▶ [WHAT YOU HAVE TO DO]
From the records below, transcribe only the lines running from the one with "Zgrabny, drewniany rowerek" through the one with "- Identify relevant". Keep both of those end lines.

▶ [TASK INPUT]

◆ ◆ ◆

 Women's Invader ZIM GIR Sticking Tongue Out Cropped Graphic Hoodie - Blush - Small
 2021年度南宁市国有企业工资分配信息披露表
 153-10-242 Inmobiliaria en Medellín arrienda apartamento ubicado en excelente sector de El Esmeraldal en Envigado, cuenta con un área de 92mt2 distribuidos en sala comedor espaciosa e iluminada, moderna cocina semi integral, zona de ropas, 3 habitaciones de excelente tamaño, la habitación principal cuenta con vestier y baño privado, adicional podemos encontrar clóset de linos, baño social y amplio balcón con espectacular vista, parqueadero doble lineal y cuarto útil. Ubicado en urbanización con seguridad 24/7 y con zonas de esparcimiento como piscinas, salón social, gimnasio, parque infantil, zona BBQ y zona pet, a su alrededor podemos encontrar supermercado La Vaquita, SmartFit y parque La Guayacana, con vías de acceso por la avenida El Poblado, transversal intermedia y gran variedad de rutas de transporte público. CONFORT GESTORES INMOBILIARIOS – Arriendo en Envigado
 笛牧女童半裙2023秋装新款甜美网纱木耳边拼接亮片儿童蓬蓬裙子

◆ ◆ ◆

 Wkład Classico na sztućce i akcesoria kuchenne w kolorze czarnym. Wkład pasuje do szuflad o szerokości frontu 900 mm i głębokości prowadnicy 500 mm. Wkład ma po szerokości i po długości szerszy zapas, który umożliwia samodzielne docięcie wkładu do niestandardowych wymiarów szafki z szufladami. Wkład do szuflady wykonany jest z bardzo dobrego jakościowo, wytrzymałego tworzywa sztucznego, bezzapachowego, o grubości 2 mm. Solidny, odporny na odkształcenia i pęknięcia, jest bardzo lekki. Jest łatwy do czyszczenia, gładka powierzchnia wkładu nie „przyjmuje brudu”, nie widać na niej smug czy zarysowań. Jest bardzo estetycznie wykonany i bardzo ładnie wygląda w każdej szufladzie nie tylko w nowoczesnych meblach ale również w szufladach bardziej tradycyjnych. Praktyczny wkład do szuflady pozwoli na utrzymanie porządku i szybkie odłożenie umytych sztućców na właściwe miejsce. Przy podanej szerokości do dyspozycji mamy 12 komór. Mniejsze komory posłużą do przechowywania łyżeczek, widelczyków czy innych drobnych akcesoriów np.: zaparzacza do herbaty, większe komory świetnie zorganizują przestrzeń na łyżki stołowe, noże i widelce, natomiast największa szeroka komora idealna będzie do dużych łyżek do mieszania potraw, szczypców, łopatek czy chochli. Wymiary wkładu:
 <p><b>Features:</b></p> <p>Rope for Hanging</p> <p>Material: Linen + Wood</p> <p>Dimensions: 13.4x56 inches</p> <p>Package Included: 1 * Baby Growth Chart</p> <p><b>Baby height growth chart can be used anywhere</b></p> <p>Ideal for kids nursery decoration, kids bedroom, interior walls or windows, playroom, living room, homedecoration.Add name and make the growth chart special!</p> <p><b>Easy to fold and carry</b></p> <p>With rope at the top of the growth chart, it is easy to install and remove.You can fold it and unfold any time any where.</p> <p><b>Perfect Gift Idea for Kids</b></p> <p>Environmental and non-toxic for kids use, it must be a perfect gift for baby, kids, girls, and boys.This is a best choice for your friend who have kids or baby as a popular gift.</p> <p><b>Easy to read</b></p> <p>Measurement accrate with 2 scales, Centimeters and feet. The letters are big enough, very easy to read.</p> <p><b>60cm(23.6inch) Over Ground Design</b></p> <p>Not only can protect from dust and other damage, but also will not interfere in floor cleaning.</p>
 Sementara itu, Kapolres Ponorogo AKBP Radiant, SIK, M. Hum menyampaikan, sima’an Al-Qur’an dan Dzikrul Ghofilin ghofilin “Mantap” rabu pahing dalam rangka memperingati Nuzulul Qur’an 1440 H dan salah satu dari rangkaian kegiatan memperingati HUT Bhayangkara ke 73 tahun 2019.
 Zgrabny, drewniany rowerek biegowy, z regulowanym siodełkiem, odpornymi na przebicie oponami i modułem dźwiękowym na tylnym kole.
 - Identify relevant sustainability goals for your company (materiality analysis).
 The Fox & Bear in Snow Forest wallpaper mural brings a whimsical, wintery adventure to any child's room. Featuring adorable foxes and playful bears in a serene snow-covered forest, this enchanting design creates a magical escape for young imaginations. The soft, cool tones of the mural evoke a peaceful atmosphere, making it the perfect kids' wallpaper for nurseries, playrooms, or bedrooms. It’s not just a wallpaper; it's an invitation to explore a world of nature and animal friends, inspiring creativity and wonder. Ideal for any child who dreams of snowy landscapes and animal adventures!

◆ ◆ ◆

▶ [ANSWER TO THIS TASK]
 Zgrabny, drewniany rowerek biegowy, z regulowanym siodełkiem, odpornymi na przebicie oponami i modułem dźwiękowym na tylnym kole.
 - Identify relevant sustainability goals for your company (materiality analysis).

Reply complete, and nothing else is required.